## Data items
● ● ● ● ● ● ●
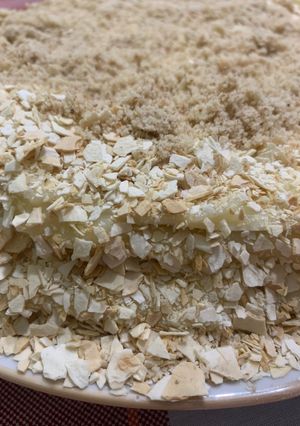 - З кожного листа лаваша вирізаємо (за допомогою тарілки діаметром 20 см) заготовки. Це будуть "коржі" для торта. Я підсушувала їх в духовці на деко з пергаментом. Але це можна зробити на сухій пательні на середньому вогні. Робимо так з 5 заготовками. Обрізки лаваша підсушуємо трохи більше.Їх подрібнюємо ще гарячими в крихту качалкою.
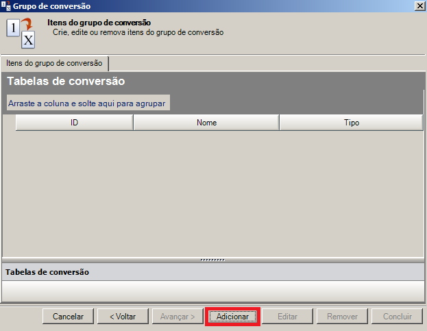I.Na tela itens do grupo de conversão, clique em Adicionar para dar continuidade na nova tabela.
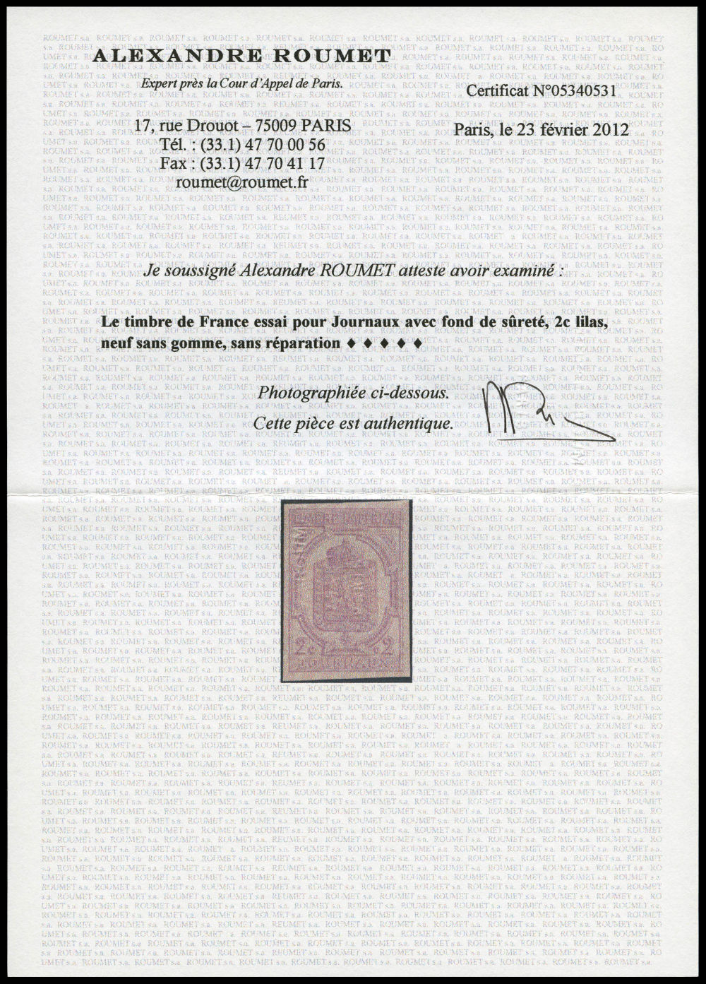 1827 nh imageN°1, 2c lilas non dentelé, impression sur la gomme, rare et superbe (certificat) Qualité: ** (Image)
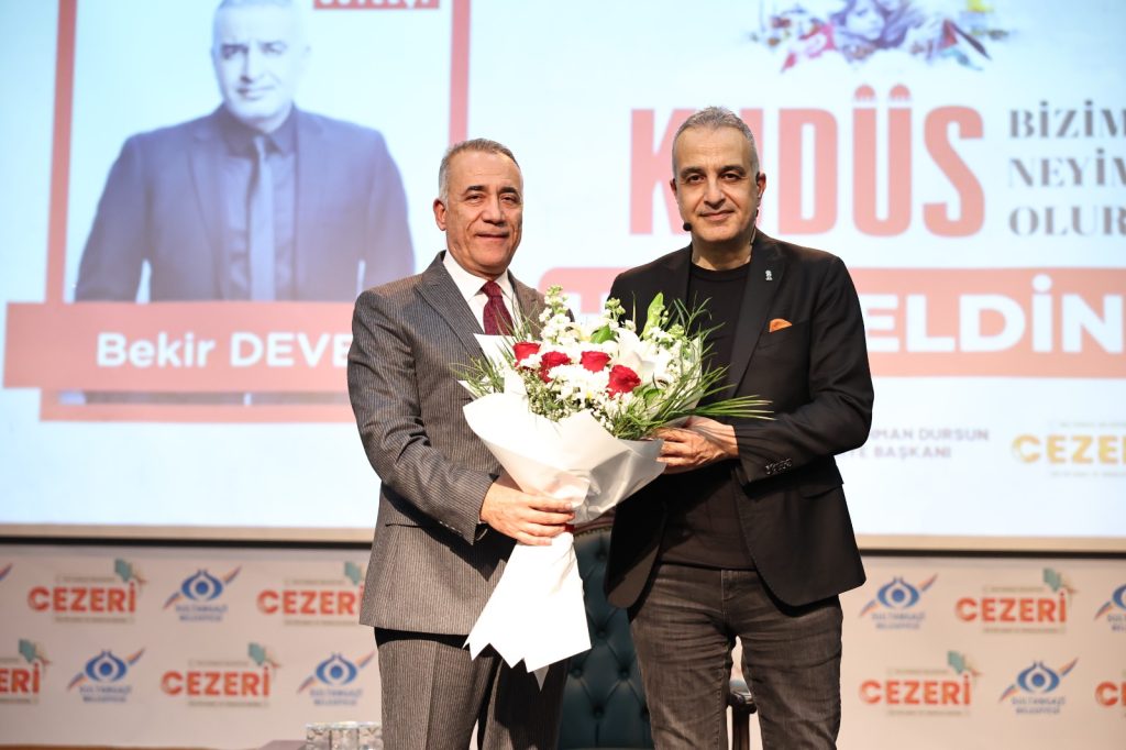 Söyleşinin ardından sahneye çıkan Belediye Başkanı Av. Abdurrahman Dursun, Bekir Develi’ye çiçek takdim ederek, ”Kudüs bizim gönül coğrafyamızın incidir. Müslümanların kutsal mabedidir. Bekir Develi’ye bu samimi sohbeti ve anlattıkları için bir kez daha teşekkür ediyoruz. Orada yaşananlar hepimizin yüreğini yakıyor. En kısa zamanda Filistin’in özgür olduğu günleri görmek ümidiyle”diye konuştu.
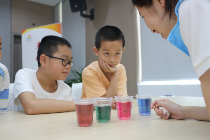 (图3 志愿者带领小朋友做“海底熔岩爆发”和“神奇魔法水”小实验)
● ● ● ● ● ● ●
The range to set down runs from the line containing "1827 nh imageN°1, 2c" through the final line of the data, both ends included; give it exactly and drop the pictures.

## Written answer
 1827 nh imageN°1, 2c lilas non dentelé, impression sur la gomme, rare et superbe (certificat) Qualité: ** (Image)
 Söyleşinin ardından sahneye çıkan Belediye Başkanı Av. Abdurrahman Dursun, Bekir Develi’ye çiçek takdim ederek, ”Kudüs bizim gönül coğrafyamızın incidir. Müslümanların kutsal mabedidir. Bekir Develi’ye bu samimi sohbeti ve anlattıkları için bir kez daha teşekkür ediyoruz. Orada yaşananlar hepimizin yüreğini yakıyor. En kısa zamanda Filistin’in özgür olduğu günleri görmek ümidiyle”diye konuştu.
 (图3 志愿者带领小朋友做“海底熔岩爆发”和“神奇魔法水”小实验)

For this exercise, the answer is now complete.